* [GOAL OF THE EXERCISE] Please restate the data that follows word for word, with the pictures left out.

* [THE DATA]
+++
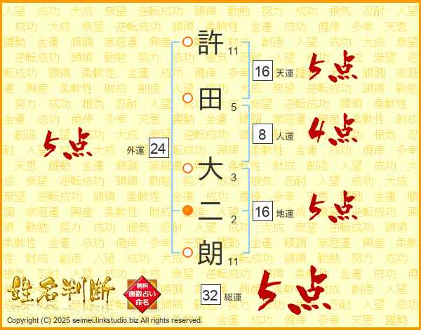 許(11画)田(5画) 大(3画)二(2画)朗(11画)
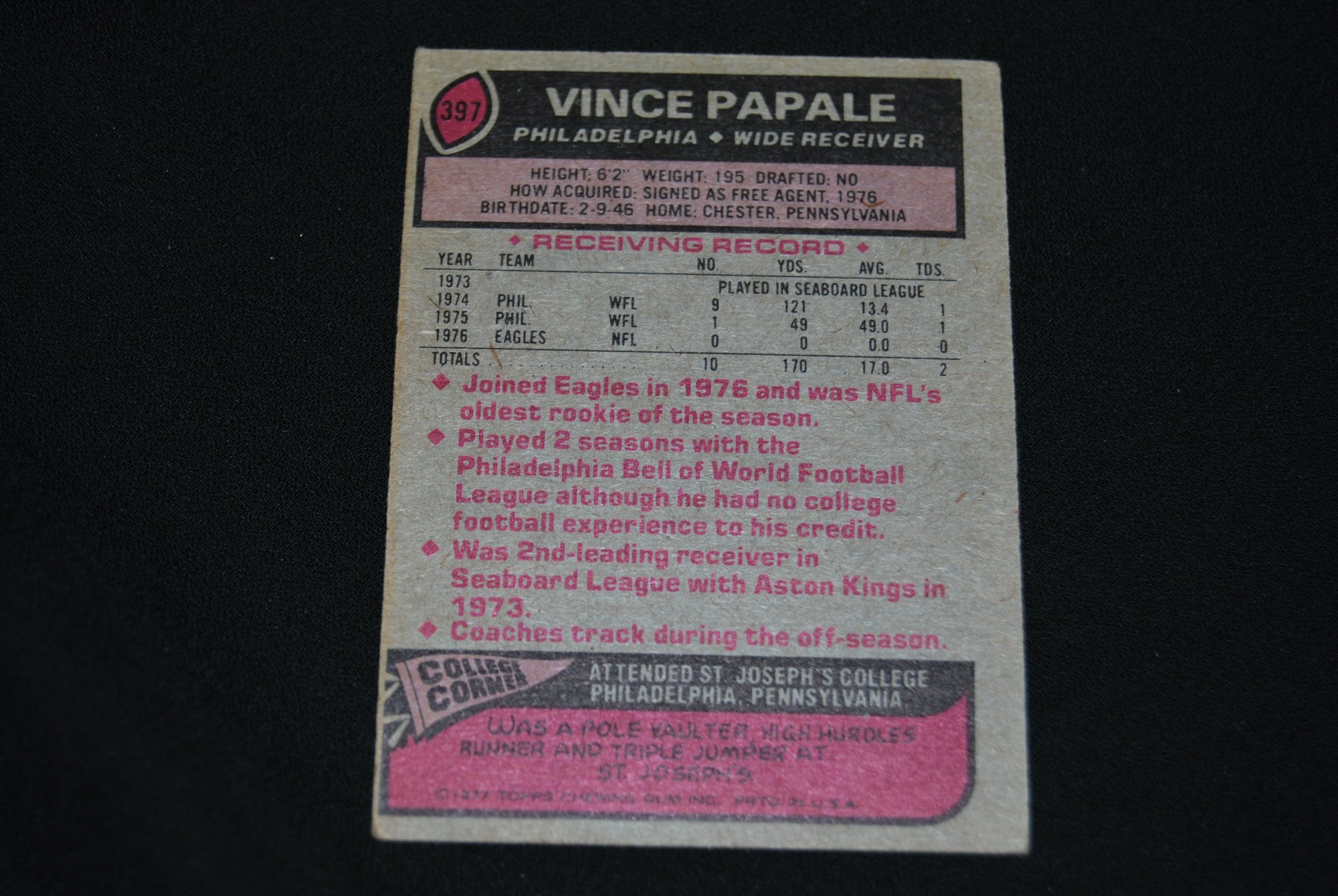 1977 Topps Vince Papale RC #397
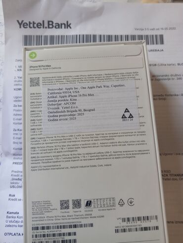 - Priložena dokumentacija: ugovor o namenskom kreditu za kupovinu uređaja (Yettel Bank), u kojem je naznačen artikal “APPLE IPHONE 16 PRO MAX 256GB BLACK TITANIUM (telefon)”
+++
* [SOLUTION FOR THIS EXERCISE]
 許(11画)田(5画) 大(3画)二(2画)朗(11画)
 1977 Topps Vince Papale RC #397
 - Priložena dokumentacija: ugovor o namenskom kreditu za kupovinu uređaja (Yettel Bank), u kojem je naznačen artikal “APPLE IPHONE 16 PRO MAX 256GB BLACK TITANIUM (telefon)”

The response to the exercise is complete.